Laos on a shoestring-
In the chilled out backpackers haven of Vang Vieng we met two separate solo American travelers. Griff (a 23 year old rugby player at NC State) and Aron (a 22 year old recent college graduate nomad surfer). Still hanging with Dónal, the 3 Canadian girls and other American guy Stephen (a 29 year old yoga instructor from NYC), the 8 of us stayed in the same guesthouse and would wreck havoc in Vang Vieng before having to go our separate ways. The girls headed for Thailand to kick it with elephants, Griff made it to Cambodia, where he had his heart set on the fully automatic machine guns, and unfortunately loosing his wallet was the last straw for my man Dónal. After running on fumes through the first week in Laos he had to throw in towel and head home to Belfast. I had enough reserve to get by up till now, but I proceed with caution as the funds are rapidly running thin. Aron, Stephen and I would head south, making it the first time in 6 months I shared company exclusively with Americans.
On a side note: Before leaving Vang Vieng I had the most random encounter at a very liberal eatery called Happy Pizza (use your imagination on the name). There were two Iranian guys I invited over to sit with us. It turns out one of the guys is a professor in the marketing department at UNLV which is the same university and college I was in. All of his colleagues were my old professors and we had some funny things to talk about (made funnier by the happy pizza). At the end he told me he can get me the degree (that I never got). So if you get the LONG overdue invitation to my college graduation don’t be surprised and we’ll be partying for weeks after… But that’s neither here nor there.
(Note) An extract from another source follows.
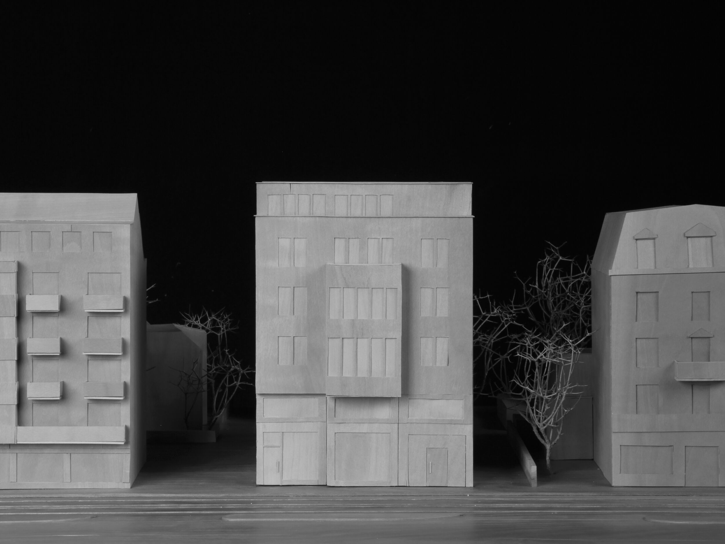 Der Stadtkörper im Werd zeichnet sich neben dem hart begrenzten Strassenraum durch die zunehmende 5-Geschossigkeit, verbunden mit Läden in den Erd- und Mezzaningeschossen, und den geschlosseneren oberen Wohnetagen aus. Die strenge Symmetrie der Strassenfassade mit dem mittigen Schaufenster wird konzentriert durch die Betonung des Erkers und in Spannung versetzt durch die Asymmetrie der unterschiedlichen Eingänge. Die Tiefe des Ladens und die zusammenhängenden Nutzungen in den oberen Geschossen lassen ein separiertes Hofgebäude obsolet erscheinen. Die hintere Abstufung zum Hof hin übernimmt die Höhe der maximal zwei Vollgeschosse und leitet sie in eine stark rhythmisierte Stufung des Volumens ein.

The three of us traveled to the capital city of Vientiane where I would be held up waiting the FedEx of my beloved ATM card. My best hope was that I would receive my card before the weekend, but it wasn’t to be. When I got the tracking number it said Monday evening, when I double checked that info with the local FedEx office they said Tuesday afternoon or Wednesday morning. Vientiane is a great little city, but not a whole lot to do there, unless cracked out lady boy prostitutes are your thing. The idea of waiting there for 5-6 days wasn’t too appealing. Stephen and Aron had to be going south before then so I counted my cash (for the seventh time) and decided I could make it down with them to the popular cave attraction, 6 hours south, and backtrack to wait for my card. After the damp and stuffy local bus ride we stopped at a little village 45km away from the cave and found a cool little guesthouse to crash in for the night. The guesthouse owner offered to cook for us which ended up being my worst meal in a while, consisting of pumpkin chunk/fish skin soup in a sock water broth, with rice and stale papaya salad. He meant well. We thanked him for the delicious culinary exploration and, behind his back, snuck away to the store to pick up chips and crackers before retiring to our rooms. We each had our own bungalow style room, though I shared mine with a mouse and giant Stand By Me size leech. The next morning we pulled stakes, skipped breakfast and moved camp up the road to the cave.
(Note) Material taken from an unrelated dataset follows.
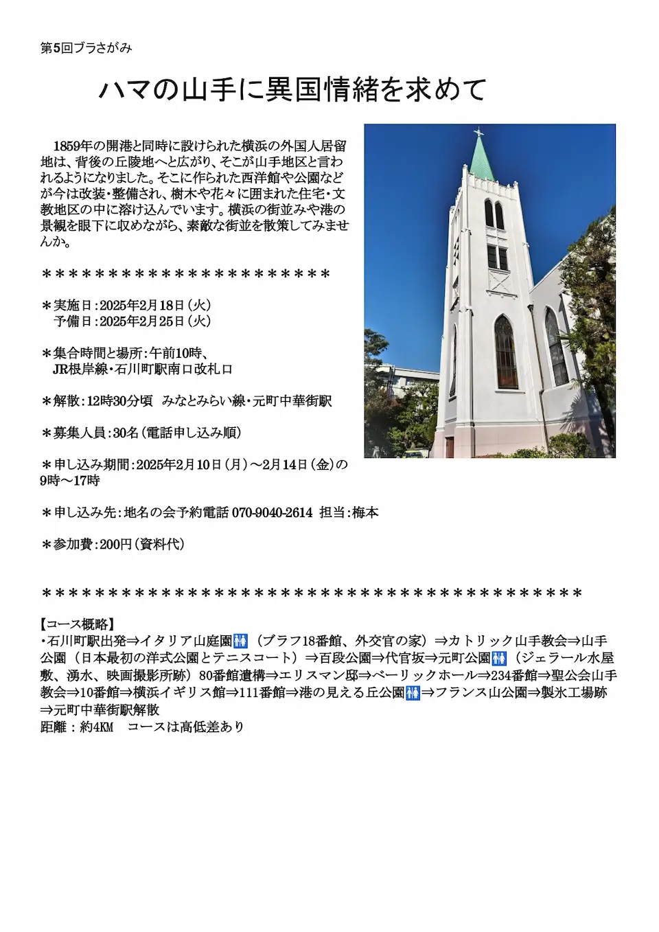 | 集合場所 | JR根岸線・石川町駅南口改札口 |

After numerous caves between Vietnam and northern Laos I had been just about caved out, but the Kong Lo Cave comes highly recommended on the Laos circuit so, with time on my side, I figured 1 more wouldn’t kill me. Setting this cave apart from others is that a river runs through it is entirety. The dark and creepy cave was made creepier by our boatman that had half of a face. His right side had skin missing from his eye socket to jaw, protruding the eye ball and exposing his entire maxilla and gum line. I feel for the poor guy and applaud his courage by not hiding from society, but it was hard to look at, as well as look away from. He welcomed us aboard his little wooden boat and the four of us went headlong into the throat of the cave. The river dissects a mountain and, after 5 miles, comes out to a tiny village at the other side. Along the way there were some low bridge squeezes as well as 300 foot high amphitheater ceilings. There’s some light rapids and several mystical waterfalls pouring into the center of the river from the black void far overhead. Only a tiny portion of the cave was lit up and the rest of the time we made due with headlamps (which I prefer). The 3 hour return trip through the cave lived up to the hype and did not disappoint. It’s possibly the coolest single activity I’ve done so far in SE Asia.
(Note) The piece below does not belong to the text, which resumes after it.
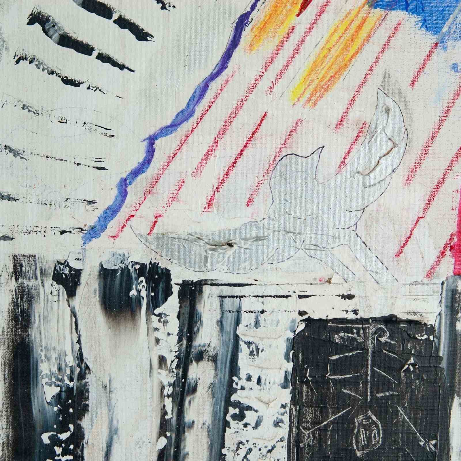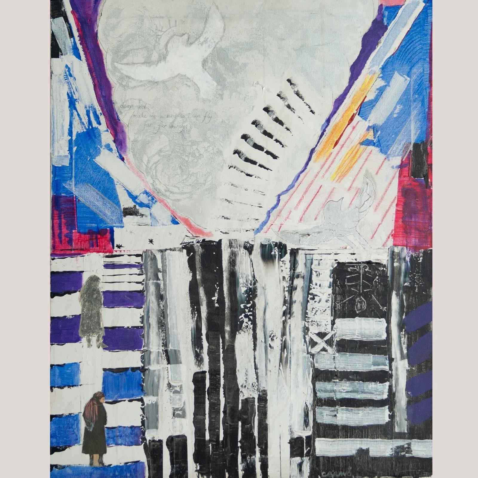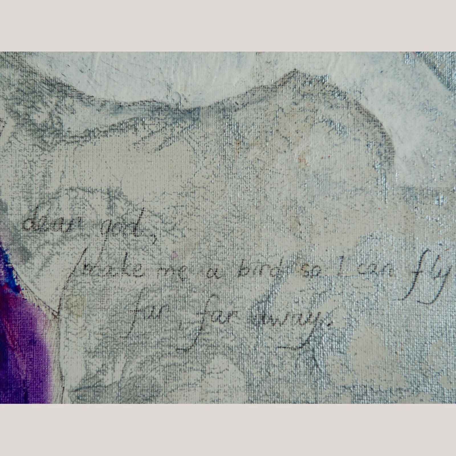 This striking abstract mixed-media painting signed C. Bravo combines bold geometric structure with lyrical emotion. Vertical black and white bars create a sense of rhythm and confinement, while vivid accents of violet, crimson, and blue energize the composition. Above, a faintly drawn bird soars within a pale sky, accompanied by the handwritten phrase, “dear god, make me a bird so I can fly far far away.” The integration of text, texture, and layered pigment evokes longing and transcendence. The artist’s technique reveals a balance between disciplined design and expressive freedom, resulting in a deeply atmospheric composition that bridges abstraction and narrative. Its tactile surface and visual poetry make it a compelling focal point in any refined contemporary setting.

The next day my two American compadres headed further south and I went back up north Vientiane where I await the arrival of my ATM card. I don’t have enough cash for any more side excursions so I will remain put and lay low until it arrives. At last check the package was en route in Singapore and the Monday evening arrival time has been changed to N/A. The 3-5 day estimate is now at day 7. For now all I can do is hope for tomorrow and keep my fingers crossed…. Here in Indochina the gesture for fingers crossed means the same as the western worlds middle finger.